The two of them had spent a brief vacation with friends in a borrowed house nearby. My son had left Dublin a couple of days earlier with pasta and toothpaste (you should try it some time), various cans, some of which were soup, and every intention of having a good time. He also carried €150 in his wallet, the last of the money he had earned from a couple of weeks of summer labouring.
My son and his friend were a little knackered from their 48 hours of socialising and were possibly not in the best state for a last-minute chase for the bus. So they were suitably grateful when a grey Mercedes pulled up and offered them a lift.
The couple in the car were from the area and the talk was about football and local sporting heroes. Thanks to their kindly intervention, the boys made it on to the Dublin bus.
However, as they were boarding, my son phoned me. He sounded low.“I’ve lost my wallet,” he said. “Everything.”
“Where?” I asked, and he told me about the lift in the grey Merc and how he’d had his wallet in his hand and how he must have left it on the back seat.
“I worked for that money,” he said mournfully.
I rang the postmistress in Killybegs, who couldn’t have been more helpful. “Just in case someone hands it in,” I asked, “could you take my phone number?”
I rang the Garda station at Ballyshannon. (“You did what?” asked my mortified son later.) The policeman was kind. I apologised for wasting his time. He took my number too.
It had been a funny old week: bits of bad news had been stalking us, illness was in the air, plans were being remade. Even the white goods were revolting – and it wasn’t just the dried-in ketchup stains.
“Damn wallet,” I thought, staring at the malfunctioning washing machine, which was predictably out of guarantee. Why, I wondered, do the inconsequential things always start delivering their nicks and jabs when deeper wounds are threatening?
I don’t know if you’ve heard about “random acts of kindness”. Raks (yes, they have an acronym) are being reported, particularly from the US, as a cohort of smiley people attempts to spread bonhomie by such acts as taping dollar bills to vending machines, some with Post-It notes attached. (“Have a Coke on me,” the mystery benefactors implore.)
Other Rakophiles display their magnanimity by paying the toll for the next car in line or by targeting lonely-looking strangers in restaurants or diners and quietly settling their bills while the unsuspecting recipients stare into the middle distance, pondering their leaking freezers or their perennially chilly mothers, with their cheesy blimps suspended in front of their quivering lips (Christ, you’d kick yourself for not ordering the lobster frittata).
Recently the actor Amy Adams upped the Rak ante by forfeiting her first-class airline seat to a young soldier queuing for the same flight. Other Rak enthusiasts have begun mailing asinine letters to complete strangers, exhorting them to “be the person you know you can be”. (Personally, I’d be the me who tracks down the sender and inserts their missive where the sun don’t shine.)
There are websites designed to help you stock your largesse larder.
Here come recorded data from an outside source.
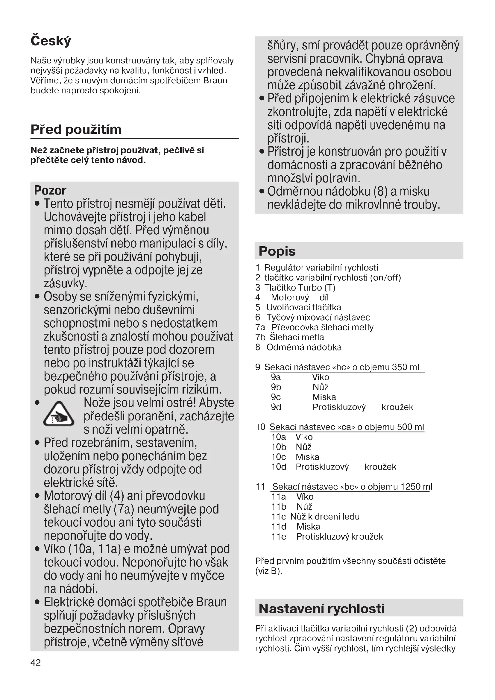 Elektrické domácí spotřebiče Braun splňují požadavky příslušných bezpečnostních norem. Opravy přístroje, včetně výměny síťové šňůry, smí provádět pouze oprávněný servisní pracovník. Chybná oprava provedená nekvalifikovanou osobou může způsobit závažné ohrožení.
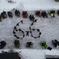 Guido hat Geburtstag. 66 Jahre jung. Sektfrühstück. Draußen sind es milde knapp unter 0°. Alle raus zum Gruppen Foto.
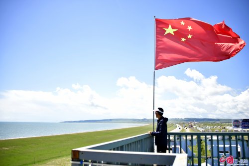 游客在圣泉湾远眺青海湖。蔡得军摄
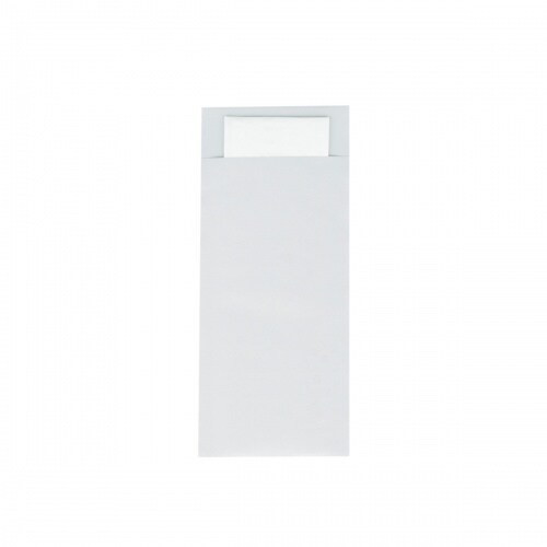 Sovie HORECA Papierbestecktaschen in Perlgrau mit Tissue-Serviette in Weiß, 20 cm x 8,5 cm - 500 Stück
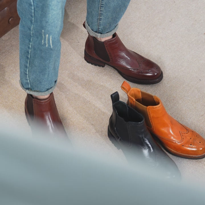 Men’s Chelsea Boots with Wingtip Brogue Detailing and Rugged Soles
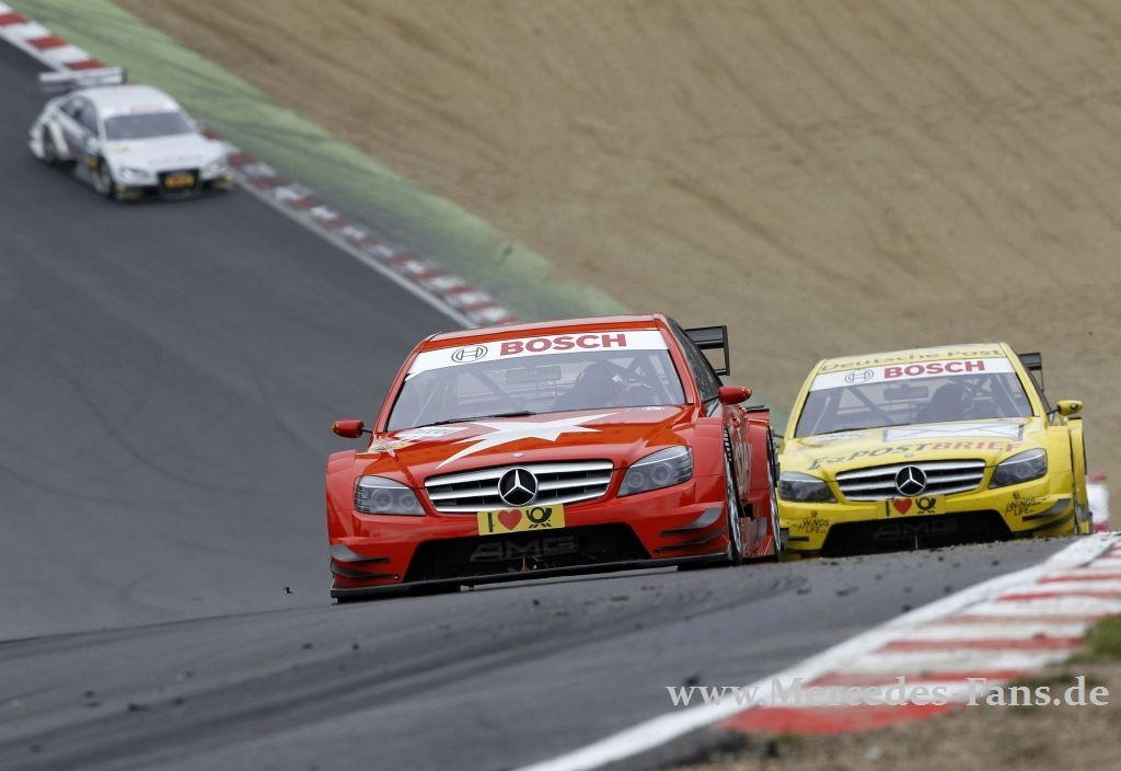 Vor insgesamt 24.000 Besuchern gelang Mercedes-Benz beim "Auswärtsspiel" in Brands Hatch im DTM-Zweikampf gegen Audi der sechste Sieg im siebten Rennen. Der wie entfesselnd fahrende Paul Di Resta ging von der Pole Position ins Rennen, das er nach 98 Runden auch als Erster beendete. Markenkollege Bruno Spengler (Mercedes-Benz Bank AMG C-Klasse) kam als Zweiter ins Ziel. Timo Scheider war auch beim siebten Saisonlauf der DTM in Brands Hatch schnellster Pilot eines Audi A4 DTM

Suggestions include leaving your “sweet spot” (I think this translates as “handy parking space”) for “a pregnant lady”. Holy cow, what a nightmare. What if the “lady” in question isn’t actually pregnant? What if she’s just got a lot of twinkies inside her? She’s not going to thank you for that, mate.
Anyway, Raks aren’t a patch on the old-fashioned act of kindness and decency that benefited my son last week. While he was on the Donegal-Dublin bus, the couple in the Mercedes, having found his wallet, returned to the spot where they had picked him up and asked around until they found the house the kids were staying in. They then gave the wallet and its contents to another young friend who hadn’t yet left.
My son couldn’t believe his luck, and I was uplifted by a generosity of spirit that doesn’t need a website to ignite it. Whoever you are, Mr and Mrs Grey Car, thank you. Sincerely. Your kindness is inspiring.